With a sigh, he began the work he was ordered to do. In low gravity like this, carrying a human was an easy thing for a Jampad. He picked up the first one, a female with yellow head-filaments, and carried her across to the implant-station. Then he came back for the next one. And then the next one.
A Korozhet hovertank came hurtling drunkenly across the open field. There was smoke trailing from it. The plex-dome was shattered-and Yetteth knew from his own combat experience that it took a huge force to even damage it. Of the normal crew of fifteen Korozhet with dozens of Nerba to man the paralyzers and do the heavy lifting, there was very little sign.
The hovertank dropped clumsily in front of the preprocessing station. One of the masters got out with a dripping, small, longnosed creature balanced on two spines.
Yetteth dared not wait and watch, much as he wanted to. He carried the next human across. This was another female, with lips of a peculiar color-like the ice fens of his home planet. Odd.
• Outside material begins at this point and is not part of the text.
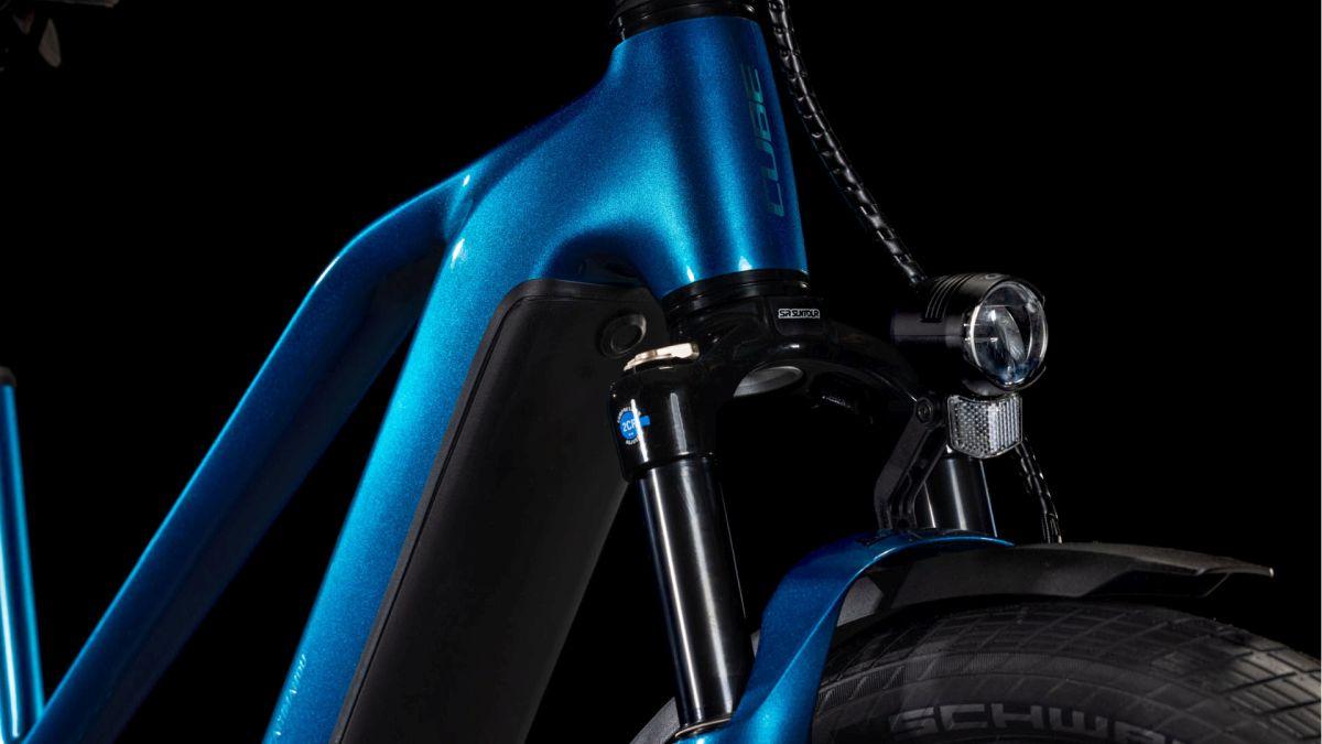 Das Kathmandu Hybrid EX ABS 800 von CUBE hält Touring-Fans auf allen Routen zuverlässig den Rücken frei. Wie? Mit seinen kraftvoll und supersicher verzögernden hydraulischen Magura MT C ABS Scheibenbremsen mit Anti-Blockier-System. Damit hat das Vorderrad durchwegs erstklassigen Grip, und zwar bei jedem Wetter und selbst bei sehr abrupten Bremsmanövern. Der CX Motor von Bosch bringt bis zu 85 Nm Drehmoment – und damit extra viel Schub nach vorn – mit und wird dabei von einem 800 Wh starken PowerTube Akku gespeist. Diesem Set-up haben wir eine einfach bedienbare Shimano Cues 11-Gang Schaltung zur Seite gestellt, welche die Power top übersetzt aufs Hinterrad bringt. Wer mit Gepäck unterwegs ist, ob auf dem Weg ins Büro oder bei einer längeren Wochenendausfahrt, profitiert von unserem anpassbaren und superstabilen integrierten Gepäckträger IC 3.0. Ein Komplettset an Zubehör verleiht diesem Tourer den letzten Schliff. Dein Bike-Abenteuer, dein Fahrspaß!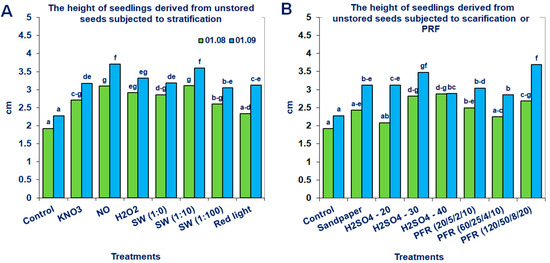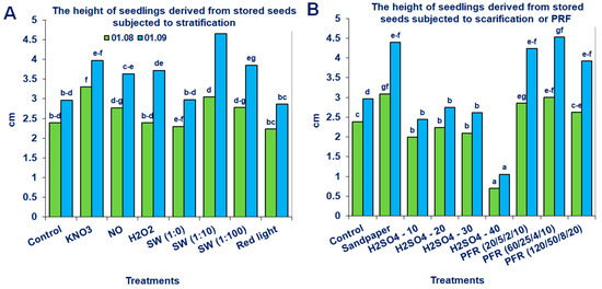 Saskatoon berry seedling heights derived from stored seeds subjected to (A) stratification (3 °C) in the presence of KNO3, NO, H2O2, smoke-water (SW, in concentrations 1:1, 1:10, 1:100), red light or 20 °C/3 °C or (B) scarification: sandpaper, sulfuric acid for 10, 20, 30 and 40 min, or treatments with pulsed radio frequency (PRF, 20/5/2/10, 60/25/4/10, 120/50/8/20). The data within the graph (A or B) and the color of the bar and with the same letter do not differ significantly according to Tukey’s test (5%). Values are the means of three replications of 50 seeds.

He'd never seen another human with that color lips. Perhaps that was an the result of the mindscrub. The effects of the process were sometimes extreme. Some of the mindwiped humans weren't just comatose, they were dead. He remembered the human woman who had died in the slave quarters. Her lips had gone blue.
Inside the preprocessing station he was told to put her onto the work surface.
"Strip the false integuments off her, slave," snapped the inserter.
As he did so, Yetteth saw that the remains of the small creature lay on one side of the workslab. It had been split in half and the soft-cyber implant was being removed from its brain.
The Third-instar who had brought the creature in was still talking, clacking its spines in agitation. "… ambush. All of Fourth-instar Cattat's crew were killed. This is one of the rebels…"
"I understand that," said the inserter impatiently. "That is why I am removing the implant." The Korozhet pointed a spine at the human female with the odd-colored lips. "I will insert it in this creature, so we can begin an interrogation."
The inserter noticed Yetteth had finished preparing the human female. "Take this filth away." He pointed a spine at the small, stumpy-tailed creature.
Yetteth picked up the small creature's remains. Despite many scars on the body, the fur was still very soft.
Once outside he took a chance, and put it down, gently, in the gathering dark. Nothing that had fought such a fight and managed to inflict such damage on the… Crotchets, should be tossed in with the regurgitated remains of Korozhet dinners. He would have burned it with honor, if he could.
Obviously the Third-instar's concern had been relayed to the High-spine, because Yetteth found himself and the other slaves being whipped and sent back to the ship in haste. The cages of humans were left to their own devices as the hovertank and the Korozhet retreated back into their force-fielded ship.
***
Eric Flint
The Rats, the Bats amp; the Ugly
All life can be expressed as a stream of machine-code.
This scene is, too.
"I'd like to test it," said the pimply-faced programmer. "There might be a bug."